Pope: Failure to remember Holocaust will lead world down same path
Remembering the Holocaust and its victims is not only an act of solidarity but also serves as a warning to humanity that such horrors could happen again, Pope Francis said.
Before concluding his weekly general audience Jan. 27, the pope marked the observance of International Holocaust Remembrance Day by calling on the world to “remember the Shoah” and to “be aware of how this path of death began, this path of extermination, of brutality.”
“To remember also means to be careful because these things can happen again, starting with ideological proposals to save a people and ending up destroying a people and humanity,” he said.
International Holocaust Remembrance Day is observed around the world Jan. 27, the anniversary of the liberation in 1945 of the Auschwitz-Birkenau concentration camp in Oswiecim, Poland.
Operated from 1940 to 1945, Auschwitz was the Nazi’s largest camp and consisted of three parts: Auschwitz I, where many were imprisoned and murdered; the Birkenau extermination camp — also known as Auschwitz II — and Auschwitz III (Auschwitz-Monowitz), an area of auxiliary camps that included several factories.
Beginning in 1942, Auschwitz became the site of the mass extermination of over 1 million Jews, 23,000 Roma, 15,000 Soviet prisoners of war and thousands of Polish citizens.

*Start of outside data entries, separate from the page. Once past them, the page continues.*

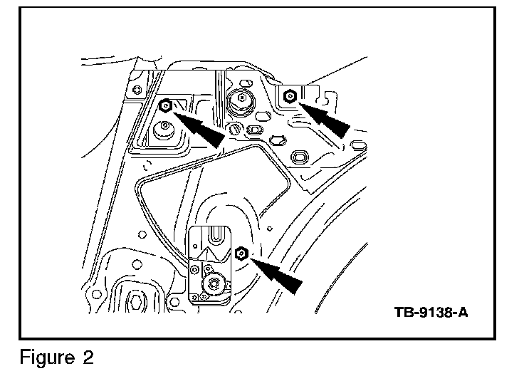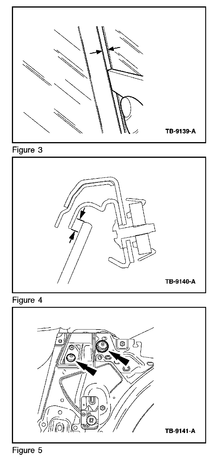 3. Adjust quarter glass so that a constant 5/32"-1/4" (4-6 mm) gap exists between the division bar and the door glass. Also, adjust so that the glass is inset 5/32" - 1/4" (4-6 mm) inside the weatherstrip retainer. Apply tape to top exterior side of quarter glass. Mark a 5/32" - 1/4" (4-6 mm) line on the tape as a visual aid in adjusting the glass inset to weatherstrip retainer. Use quarter glass attaching screws to adjust the glass. Loosen both screws and move the glass in plane as needed. (Figures 3 - 5)
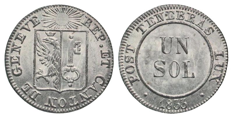 Swiss Cantons, Geneva. 1833. BI 1 sol (17 mm, 0.93 g, 6 h). Arms within circle, sun above / Value, date below. KM 120. Gem BU, lustrous.
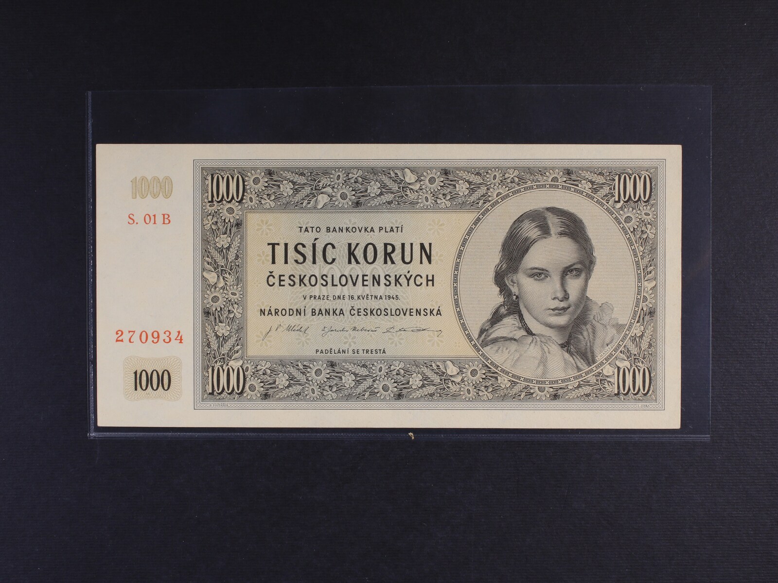 726 1000 Kčs 16.5.1945 série 01 B, Ba. 78b, Pi. 74a, první série 3000
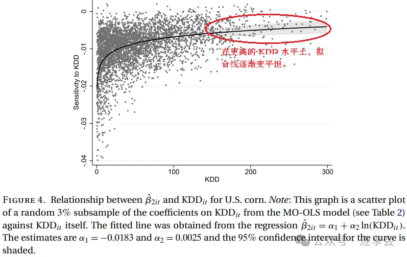 下图展示了 和 的散点图,以及 在 上的回归近似对数线性关系的最佳拟合曲线。结果显示,随着 KDD 的增加, 逐渐下降,表明玉米对高温的敏感性降低。这是因为在更高的 KDD 水平下,农户有更多动力提升适应性,从而降低玉米对高温的敏感性。
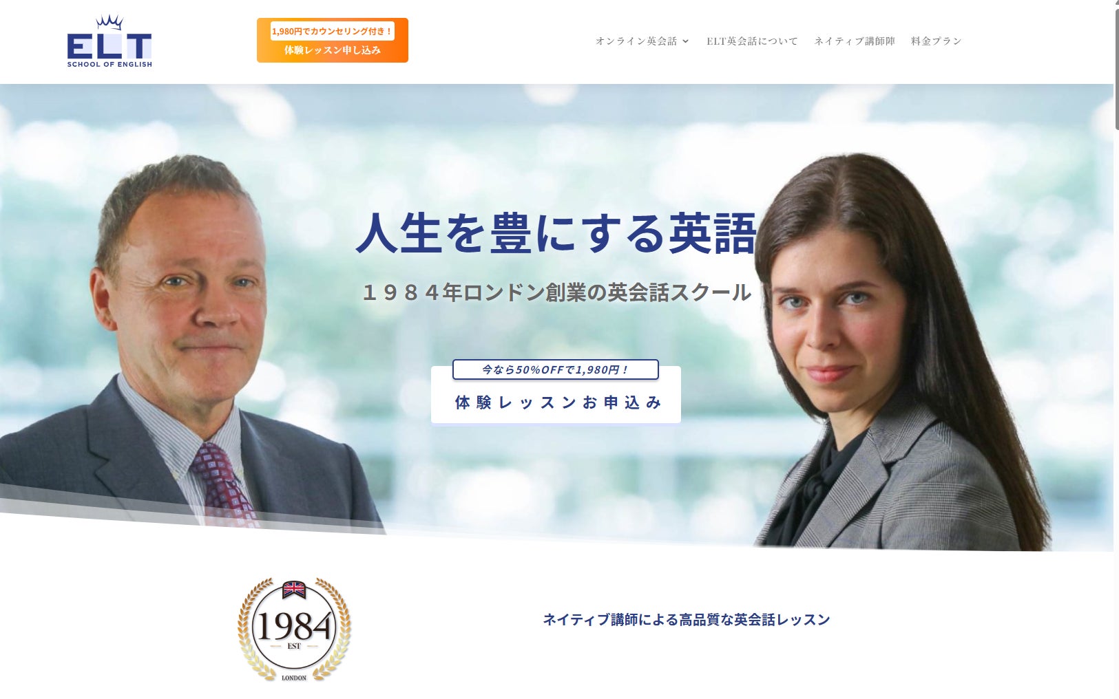 ELT英会話は1984年創立のロンドン発祥の英会話スクールです。オックスフォード大学やケンブリッジ大学など海外名門大学に多くの合格実績を持ち、上級者向けの高品質なレッスンを提供しています。
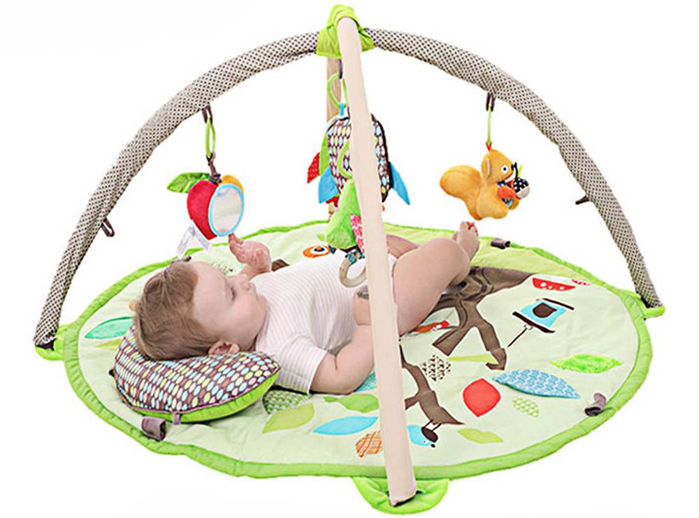 Для развития крохи в физическом плане, совершенствования тактильных ощущений и знакомства с окружающим миром, стоит купить специальный детский коврик с множеством полезных элементов.

The Nazi’s systematic persecution and genocide led to the deaths of 6 million Jews in Europe.
Commemorating the victims of the Holocaust, the pope said the act of remembering is “an expression of humanity” and “sign of civility.”

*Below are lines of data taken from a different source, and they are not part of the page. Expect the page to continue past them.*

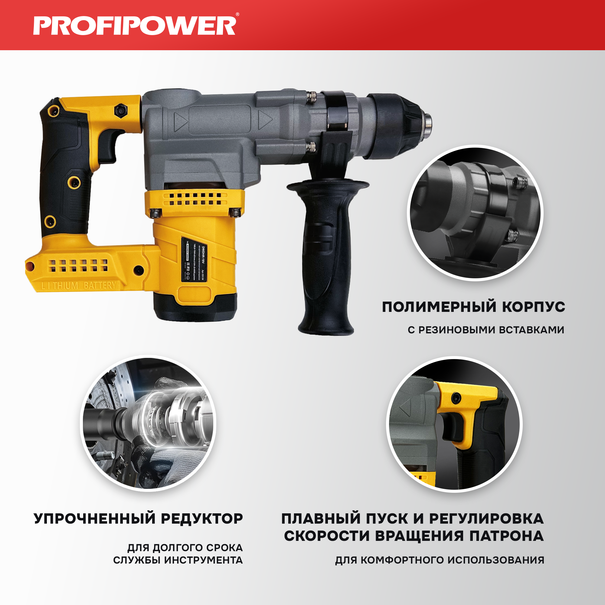 Перфоратор аккумуляторный ProfiPower DWDHR-18V (кейс, с АКБ и ЗУ) интересное:
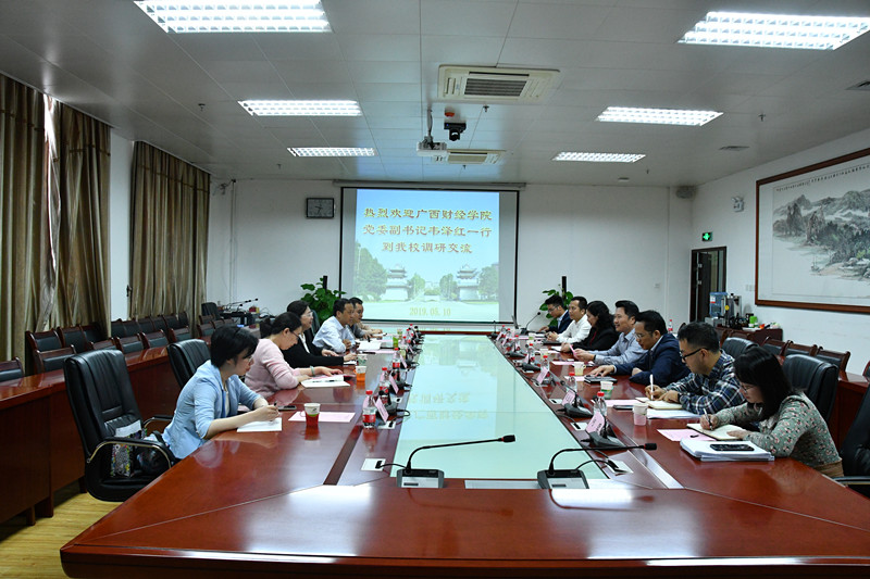 5月10日上午,广西财经学院党委副书记韦泽红一行6人到鸭脖调研交流。学校党委副书记庞宇舟、总会计师何刚亮,人事处处长黄燕、副处长宋业成及相关科室人员参加调研座谈。
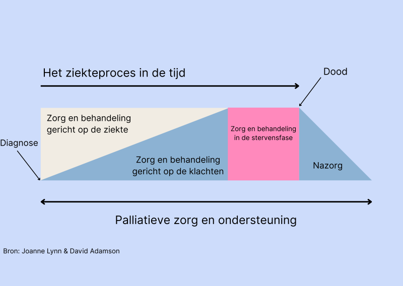 De palliatieve fase begint wanneer genezing niet meer mogelijk is of wanneer het levenseinde door kwetsbaarheid in zicht komt. Palliatieve zorg kan dan ingezet worden, ook naast ziektegerichte behandeling.

Remembering “is a condition for a better future of peace and fraternity,” he said.
Audrey Azoulay, director-general of UNESCO, issued a similar warning in her statement commemorating International Holocaust Remembrance Day.
“Today, as hateful voices continue to rise, denying or distorting the implacable reality of these facts, we have a universal responsibility to remember each and every individual whom the Nazis sought to erase from the face of the earth,” Azoulay said.
The day, she added, is also time to reflect “upon the choices of the individuals and governments that allowed this genocide to unfold.”
“It is also a call for vigilance and for action, to address the root causes of hatred and prevent future atrocities from happening,” she said.
“The memory of the Holocaust fills me with profound sorrow but also with shame because so many remained silent at the time,” the president of the German bishops’ conference, Bishop Georg Bätzing, wrote on Twitter and Facebook.
He called on all people to join together to courageously oppose “anti-Jewish prejudice, conspiracy myths and every form of hatred in everyday life, at school or among friends.”
The “industrial murder of the Jews” had been at the end of a path “that began with hate speech, conspiracy myths and social exclusion. We must never go down that path again.”